Début août, le ministre roumain des transports, Sorin Grindeanu, a quant à lui déclaré que la Roumanie se proposait de doubler la capacité mensuelle de transit des céréales ukrainiennes vers Constanța dans les mois à venir, à 4 Mt. Notamment, divers projets d'infrastructures, financés par l'UE, sont pour cela en cours de développement en Roumanie, en Ukraine et en Moldavie.

Propos incriminants sur la Roumanie : The Guardian parle d'un petit « cartel »

Des plans qui ont provoqué de vives réactions dans la presse internationale. Le Guardian évoque ainsi « de graves complications » liées à l’utilisation de la route du Danube pour exporter le grain ukrainien depuis Constanta, rappelant les récentes attaques russes sur les ports de Reni et Izmail et les inquiétudes des équipages, propriétaires et assureurs de navires quant à la sécurité depuis la fin de l’accord céréalier en Mer noire.

Le quotidien britannique souligne des « contraintes liées à la capacité » (étroitesse du fleuve, pénurie de navires et d’équipage, vétusté des barges). Il cite aussi un investisseur européen selon lequel « le crime organisé et la corruption en Roumanie », compliquent les exportations de grain ukrainien : « les remorqueurs et les bateaux-pousseurs sont exploités en Roumanie par un petit cartel, et les entreprises ont du mal à pénétrer le marché ».

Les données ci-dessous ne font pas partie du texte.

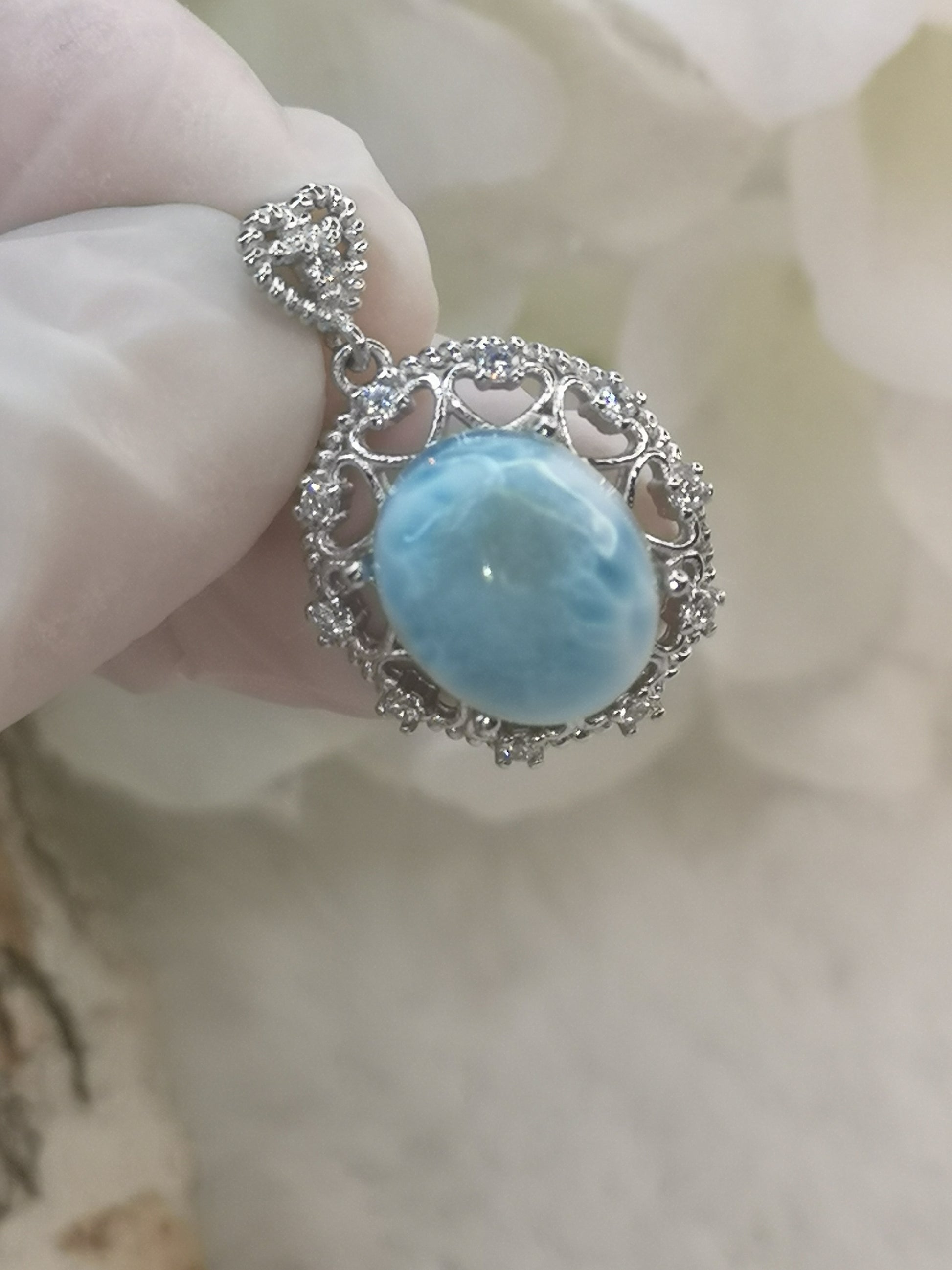 Larimar Edelstein, Kupfer Ketten Anhänger

« Le port de Constanta pourrait être agrandi assez rapidement » et « des discussions sont en cours entre l’UE et Bucarest », indique-t-il, mais il décrit le processus d'expansion comme « lent et corrompu ».

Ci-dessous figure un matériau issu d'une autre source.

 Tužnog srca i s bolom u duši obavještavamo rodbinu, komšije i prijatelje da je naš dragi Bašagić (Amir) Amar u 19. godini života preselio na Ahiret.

Pour Cezar Gheorghe, ces « accusations extrêmement graves », largement relayés dans les médias roumains ces derniers jours, traduisent des intérêts commerciaux cachés liés à l’acquisition de certains terminaux du port.

« Les produits ukrainiens sont très bon marché, et si le 15 septembre les restrictions à l'importation sont levées dans les pays limitrophes de l'Ukraine (donc en Roumanie, NDLR), nous disposerons d’un volume important de marchandises très bon marché, rentables pour les entreprises commerciales d'Europe de l’Ouest », explique l’expert.